RECORD SET:
┄┄┄┄┄┄┄┄┄┄┄┄┄┄┄┄┄┄┄┄

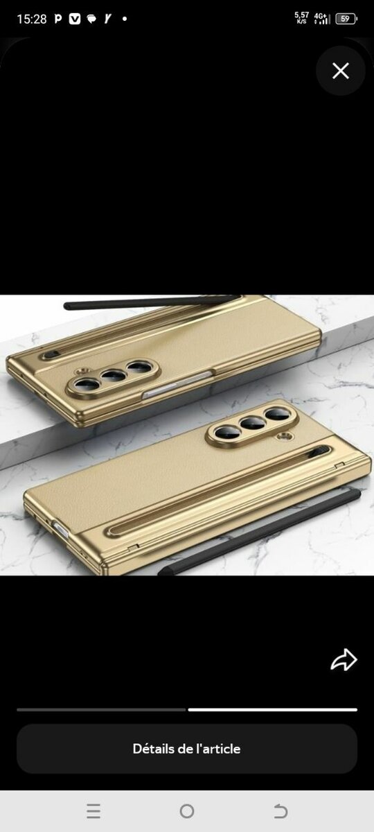 Élégante et robuste, cette coque dorée est conçue pour les smartphones pliables. Elle protège votre appareil tout en ajoutant une touche de luxe. Conçue pour s'adapter parfaitement au format pliable, elle assure une protection optimale contre les chocs et les rayures. Un accessoire idéal pour ceux qui recherchent style et durabilité.
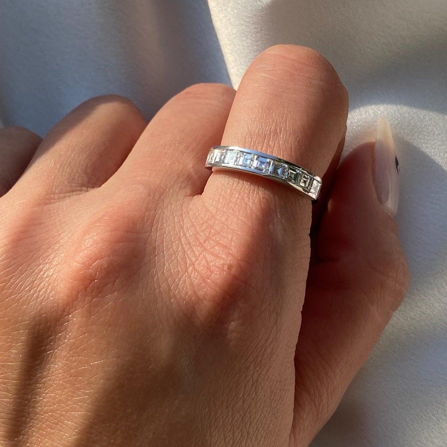 An elegant ring of nine natural diamonds in a square carat cut, and of high quality, embedded in a delicate and beautiful gold frame inlay for a uniform, large and shiny appearance of diamonds.
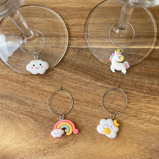 Rainbows and Unicorns Silver 25mm Wine Glass Charm Rings with Resin Charms
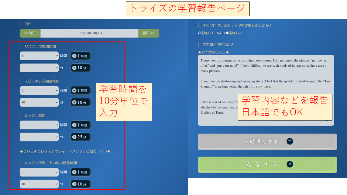 学習の進捗、困っていることなどを書きます。筆者はコンサルタントから、「できれば英語で報告を書いてみてください」と言われたので、英語で書いていますが日本語でもOKです。
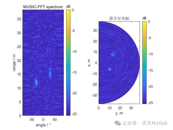 MUSIC和MVDR算法都是有效的雷达信号处理方法,但它们也存在一些差异。MUSIC算法具有更高的分辨率,能够分辨更接近的目标,但其计算复杂度较高,对快拍数的要求也较高。MVDR算法的计算复杂度相对较低,对快拍数的要求也较低,但其分辨率不如MUSIC算法。在实际应用中,需要根据具体的应用场景选择合适的算法。
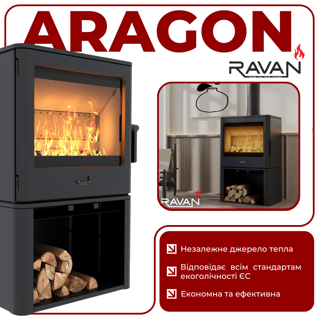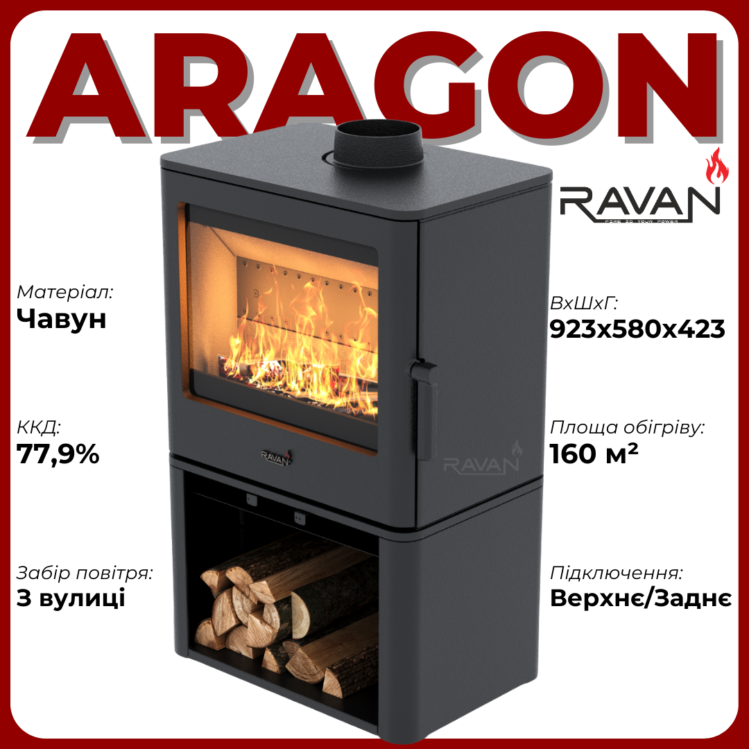 Чугунная дровяная печь-камин Ravan Aragon 16 кВт
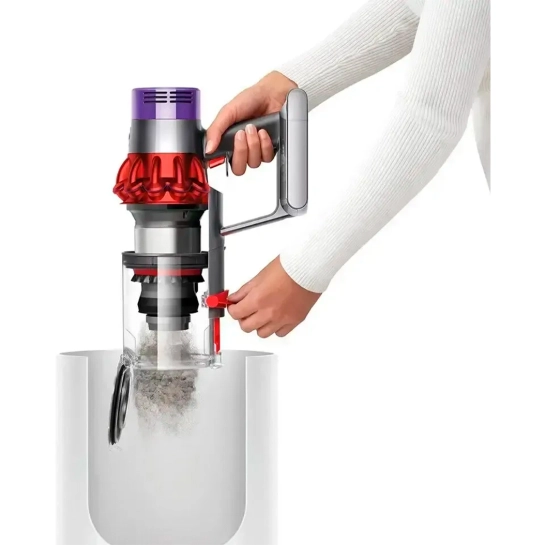 Двигун пилососу Dyson Cyclone V10 розташований над рукояткою, тому центр ваги знаходиться близько до руки, що полегшує прибирання високорозташованих поверхонь і важкодоступних місць.
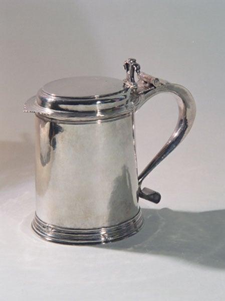A rare silver tankard, bearing the Plymouth marks of 1695-1700, the marks being eithe IM or JM (John Murch?) and Britannia, both struck twice. Handle also has the maker's marks and is pricked with IM 1795. A flat top lid, and ribbed base.
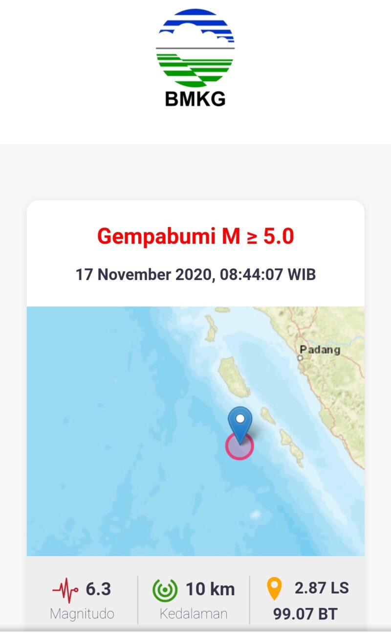 “Tidak berpotensi tsunami, saran dari BMKG hati-hati terhadap gempa bumi susulan yang mungkin terjadi” tulis Badan Meteorologi, Klimatologi, dan Geofisika (BMKG) dalam situs resminya,  (17/11/2020).
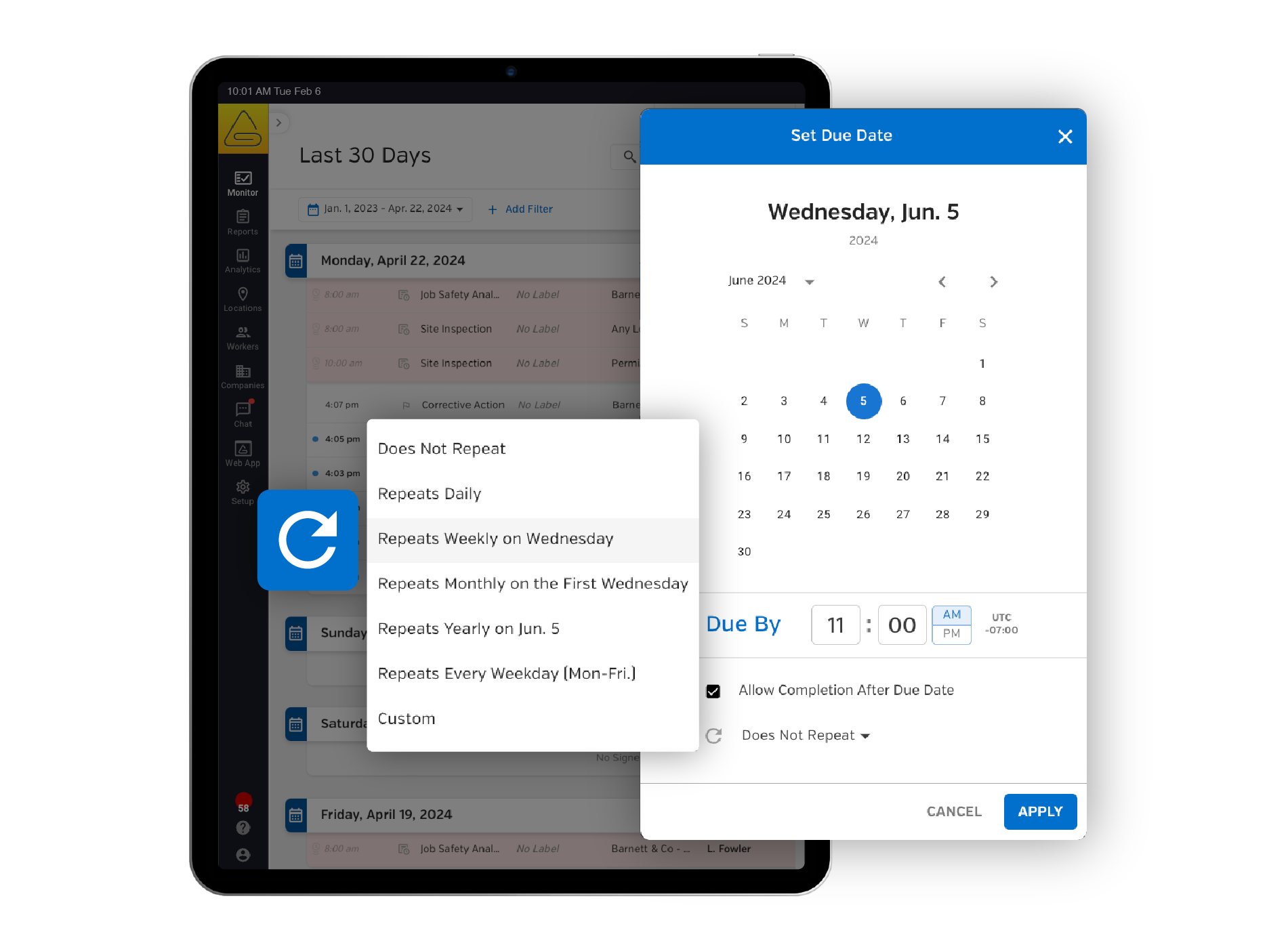 Schedule forms, toolbox talks, hazard inspections, and more by date and set them to automatically repeat, so you only need to schedule them once, reducing your administrative workload.
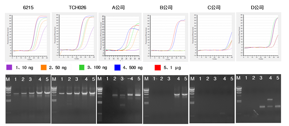 | 以Mouse Heart Total RNA 1 μg、500 ng、100 ng、50 ng、10 ng为模板,使用TCH026及其他公司同类产品反转录获得cDNA,以cDNA为模板分别对DMD基因6 kb进行扩增性能评价。 |
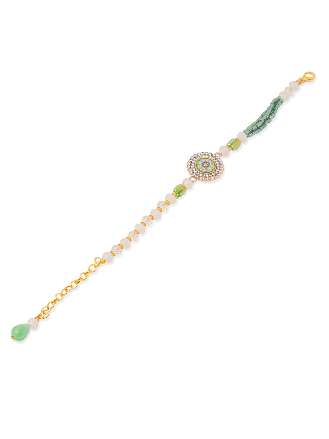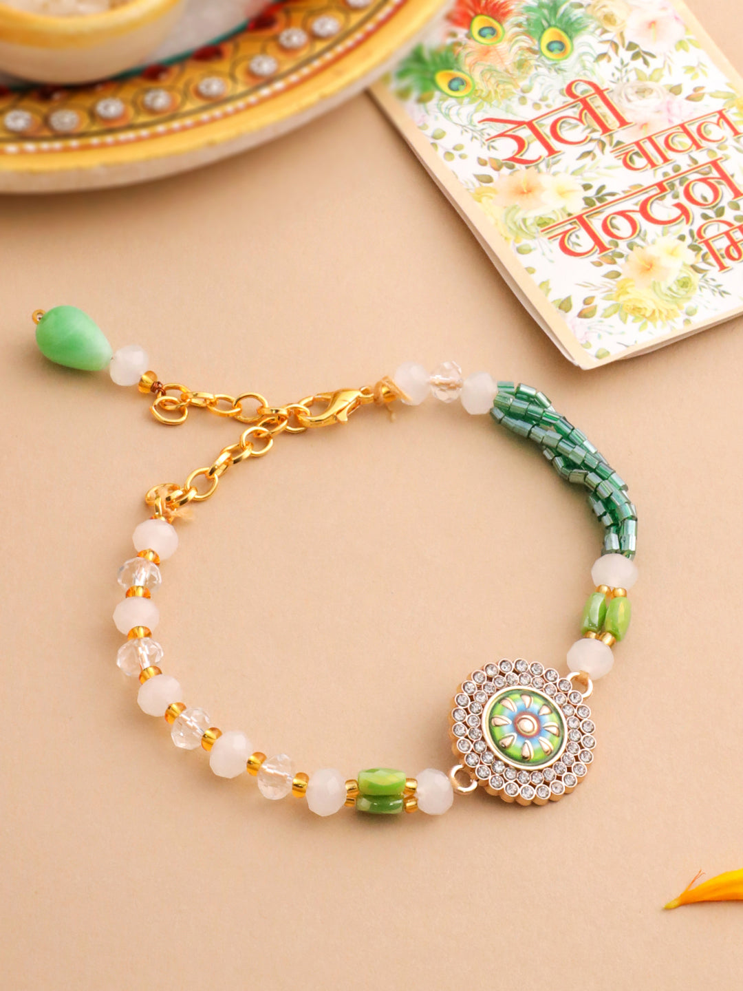 Men's Green Artificial Stones & Beads Floral Wraparound Rakhi With Roli Chawal Chandan & Mishri
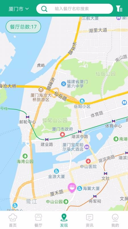 4、切换到发现中心,查看地图上展示的餐厅并查看数量统计
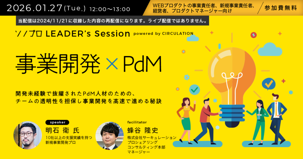 そのような皆様に「事業開発×PdM」をテーマにしたウェビナーを再放送いたします。
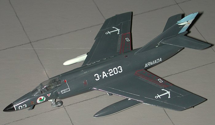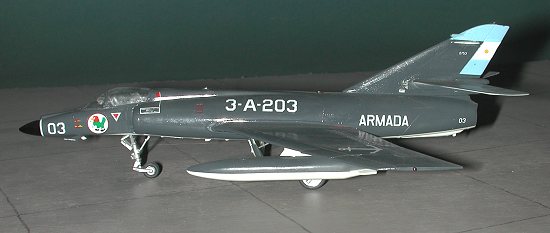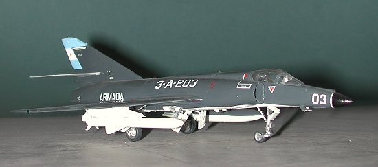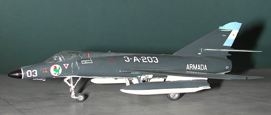 Molded in darkish grey plastic with raised panel lines, the kitfeatures positionable speed brakes as well as the Exocet missile and drop tanks.The cockpit was complete for its day with tub, seat, control stick andinstrument panel. The canopy can be displayed open if you wish but it will showa rather bare cockpit, compared to what you can get in today's kits. I don'tremember if folding wing tips were an option, but they wouldn't be difficult todo.

┄┄┄┄┄┄┄┄┄┄┄┄┄┄┄┄┄┄┄┄

YOUR TASK: In the listing above, find the line with "Чугунная дровяная печь-камин" and the line with "ng为模板,使用TCH026及其他公司同类产品反转录获得cDNA,以cDNA为模板分别对DMD基因6 kb进行扩增性能评价。 |". Copy exactly those two and every line between, without the pictures.

FINISHED TASK:
 Чугунная дровяная печь-камин Ravan Aragon 16 кВт
 Двигун пилососу Dyson Cyclone V10 розташований над рукояткою, тому центр ваги знаходиться близько до руки, що полегшує прибирання високорозташованих поверхонь і важкодоступних місць.
A rare silver tankard, bearing the Plymouth marks of 1695-1700, the marks being eithe IM or JM (John Murch?) and Britannia, both struck twice. Handle also has the maker's marks and is pricked with IM 1795. A flat top lid, and ribbed base.
 “Tidak berpotensi tsunami, saran dari BMKG hati-hati terhadap gempa bumi susulan yang mungkin terjadi” tulis Badan Meteorologi, Klimatologi, dan Geofisika (BMKG) dalam situs resminya,  (17/11/2020).
 Schedule forms, toolbox talks, hazard inspections, and more by date and set them to automatically repeat, so you only need to schedule them once, reducing your administrative workload.
 | 以Mouse Heart Total RNA 1 μg、500 ng、100 ng、50 ng、10 ng为模板,使用TCH026及其他公司同类产品反转录获得cDNA,以cDNA为模板分别对DMD基因6 kb进行扩增性能评价。 |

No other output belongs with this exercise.